EGU26-22911, updated on 14 Mar 2026
https://doi.org/10.5194/egusphere-egu26-22911
EGU General Assembly 2026
© Author(s) 2026. This work is distributed under
the Creative Commons Attribution 4.0 License.
Oral | Thursday, 07 May, 11:00–11:10 (CEST)
 
Room 0.14
Hierarchical Testing of a Hybrid Machine Learning-Physics Global Atmosphere Model
Ziming Chen1, L. Ruby Leung1, Wenyu Zhou1, Jian Lu2,3, Sandro W. Lubis1, Ye Liu1, Jay Chang1, Bryce E. Harrop1, Ya Wang4, Mingshi Yang5, Gan Zhang5, and Yun Qian1
Ziming Chen et al.
  • 1Atmospheric, Climate, & Earth Sciences (ACES) Division, Pacific Northwest National Laboratory, Richland, Washington, USA
  • 2College of Oceanic and Atmospheric Sciences, Ocean University of China, Qingdao, China
  • 3State Key Laboratory of Physical Oceanography, Ocean University of China, Qingdao, China
  • 4State Key Laboratory of Numerical Modeling for Atmospheric Sciences and Geophysical Fluid Dynamics, Institute of Atmospheric Physics, Chinese Academy of Sciences, Beijing, China
  • 5Department of Climate, Meteorology, and Atmospheric Sciences, University of Illinois Urbana-Champaign, Urbana, United States of America

Machine learning (ML)-based models have recently demonstrated high skill and computational efficiency, often outperforming conventional physics-based models in weather forecasting and subseasonal prediction. While prior efforts have assessed their ability to capture atmospheric dynamics at the synoptic scale, their performance across broader timescales and under out-of-distribution forcing remains insufficiently understood but essential criterion for establishing their credibility in Earth system science.

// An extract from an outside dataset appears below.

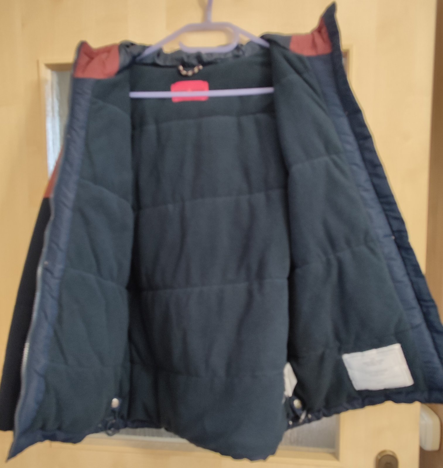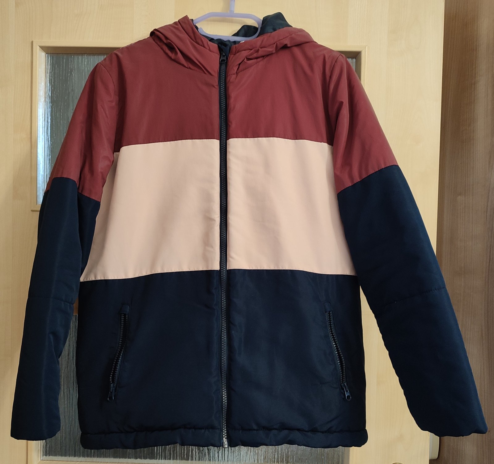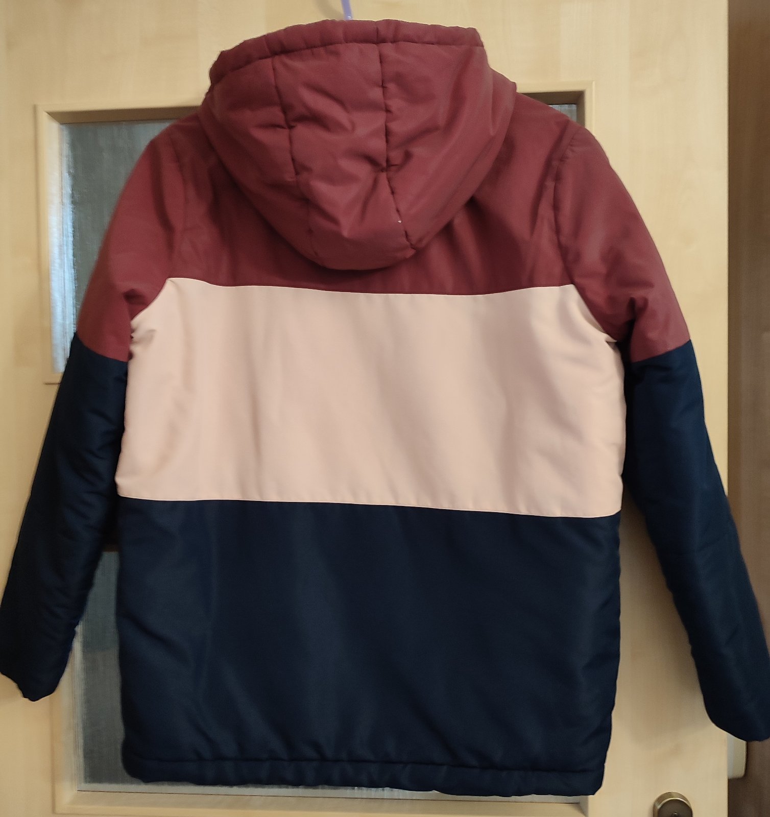 Teplá, vatovaná vetrovka na zimu. Závada - ošúchaná látka na kapucni a pleci /viz foto/, inak bez fľakov a žmolkov.

In this study, we design three idealized test cases to evaluate the Neural General Circulation Model (NeuralGCM), a hybrid model that couples a dynamical core with ML-based physical parameterizations. The test casts span synoptic-scale phenomena, interannual variability, and out-of-distribution forcings via uniform warmings. We benchmark NeuralGCM against observations and conventional physics-based Earth system models (ESMs). At the synoptic scale, NeuralGCM captures the evolution and propagation of extratropical cyclones with performance comparable to ESMs. At the interannual scale, when forced by El Niño-Southern Oscillation sea surface temperature (SST) anomalies, NeuralGCM successfully reproduces associated teleconnection patterns but exhibits deficiencies in capturing nonlinear response. Under out-of-distribution uniform-warming forcings, NeuralGCM simulates similar responses in global-average temperature and precipitation and reproduces large-scale tropospheric circulation features similar to those in ESMs. Notable weaknesses include overestimating the tracks and spatial extent of extratropical cyclones, and biases in the teleconnected wave train triggered by tropical SST anomalies. Furthermore, its simulated temperature responses near the tropopause and in the stratosphere under uniform warming simulations deviate from those in physics-based models, likely due to the biases in vertical temperature advection by the residual circulation.

Despite these limitations, NeuralGCM exhibits credible responses across all test cases and performs comparably to both observations and physics-based ESMs. These results suggest that hybrid models like NeuralGCM, which integrate dynamical cores with ML physics, offer a promising path toward the next generation of ML-based ESMs.

How to cite: Chen, Z., Leung, L. R., Zhou, W., Lu, J., Lubis, S. W., Liu, Y., Chang, J., Harrop, B. E., Wang, Y., Yang, M., Zhang, G., and Qian, Y.: Hierarchical Testing of a Hybrid Machine Learning-Physics Global Atmosphere Model, EGU General Assembly 2026, Vienna, Austria, 3–8 May 2026, EGU26-22911, https://doi.org/10.5194/egusphere-egu26-22911, 2026.